Ultimately, Pope Nicholas and many other Western leaders made the decision not to support the Empire in its greatest time of need, although some troops did arrive from the city states of northern Italy to lend their support. Attempts had been made to do this after the Council of Florence and the Council of Basel, but the Orthodox population refused to support it.

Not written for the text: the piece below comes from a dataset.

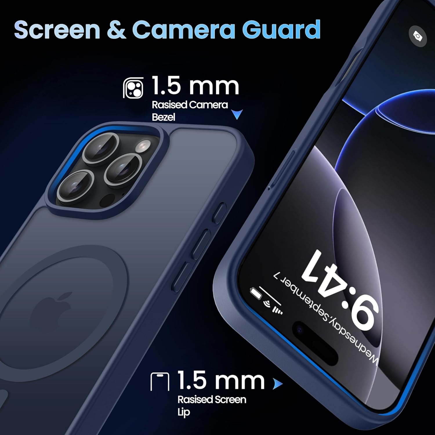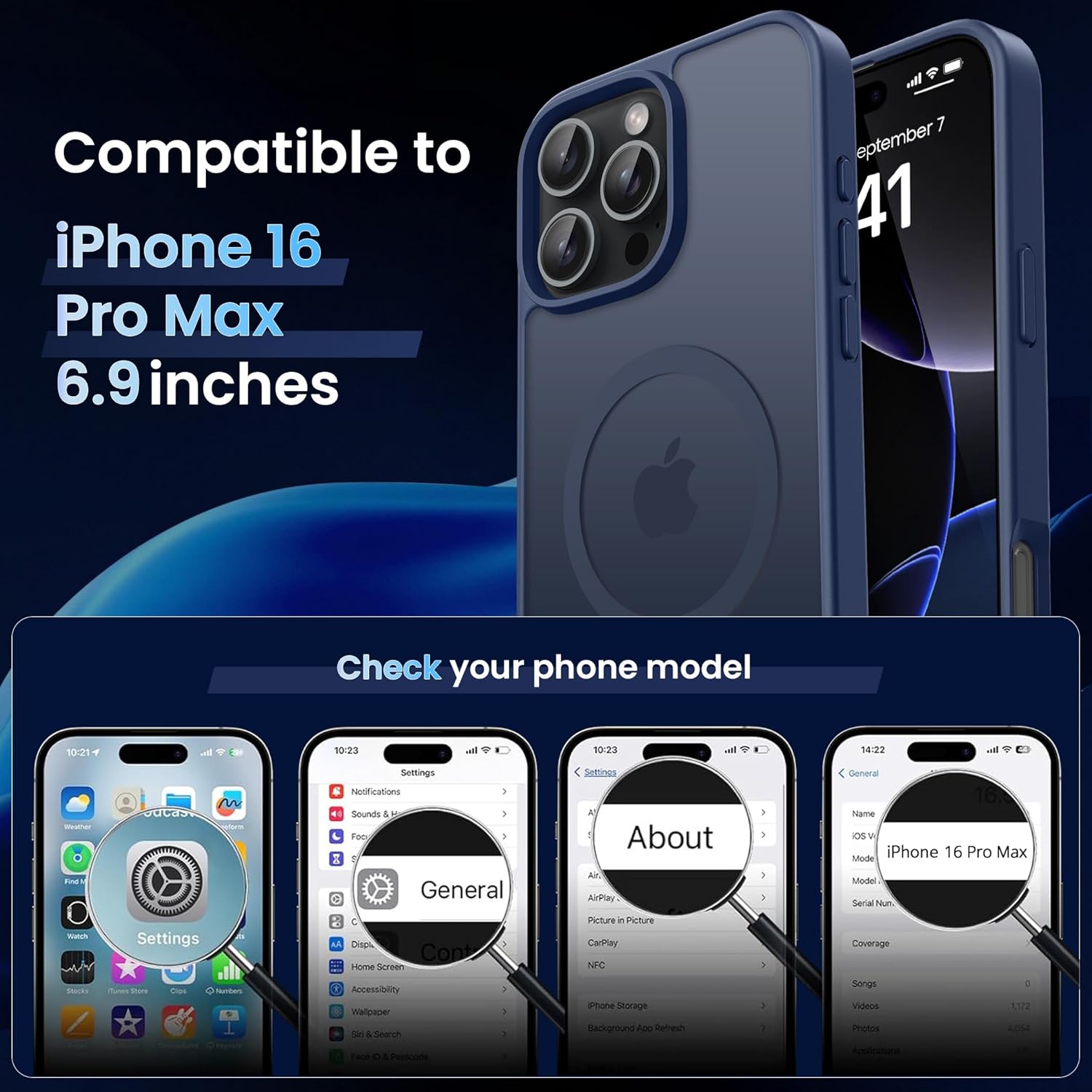 Калъф CACOE за iPhone 16 Pro Max със защита на камерата, съвместим с MagSafe, удароустойчив, устойчив на надраскване, магнитен гръб, калъф за мобилен телефон за iPhone 16 Pro Max, прозрачен калъф

The Fall of Constantinople 1453 by Steven Runciman The Fall of Constantinople 1453 by Steven Runciman

Ever since the mutual excommunication of the Orthodox and Roman Catholic churches in 1054, the Roman Catholic West had been trying to re-integrate the East the West now used this as a negotiating tactic, promising to send help if the "Byzantines" brought their church back into communion with Rome. However, the closing of the small mosques within the city by the emperor, and the pressure on Greek Muslims to convert back to Christianity formed the pretext for Mehmet to declare war.Ĭonstantine appealed to Western Europe for help, but Pope Nicholas V was unwilling to support the city. Meanwhile, Constantine XI tried to buy him off with gifts. Its purpose was to increase Turkish influence on the straits, and to prevent assistance from Genoese colonies on the coast from reaching the city in the event of a siege. Mehmet II, whose great-grandfather Bayezid I had previously built a fortress on the Asian side of the Bosphorus called Anadolu Hisarı, now built a second castle outside the walls of Constantinople on the European side called Rumelihisarı.

The Fall of Constantinople 1453 by Steven Runciman

The Empire of Trebizond, a completely independent successor state formed in the aftermath of the Fourth Crusade, also survived on the coast of the Black Sea. In 1453, the "empire" consisted of little more than the city of Constantinople and a portion of the Peloponnese (centered on the fortress of Mystras). In the following two centuries, the greatly weakened empire was gradually taken apart piece by piece by a new threat, the Ottoman Empire. The Crusaders, however, had not originally set out to conquer the entirety of the empire, and the Romans re-established themselves in the city in 1261.

The Fall of Constantinople 1453 by Steven Runciman

In the 1,123 years of Constantinople's existence, the city had been besieged many times, but had only been captured once, during the Fourth Crusade in 1204.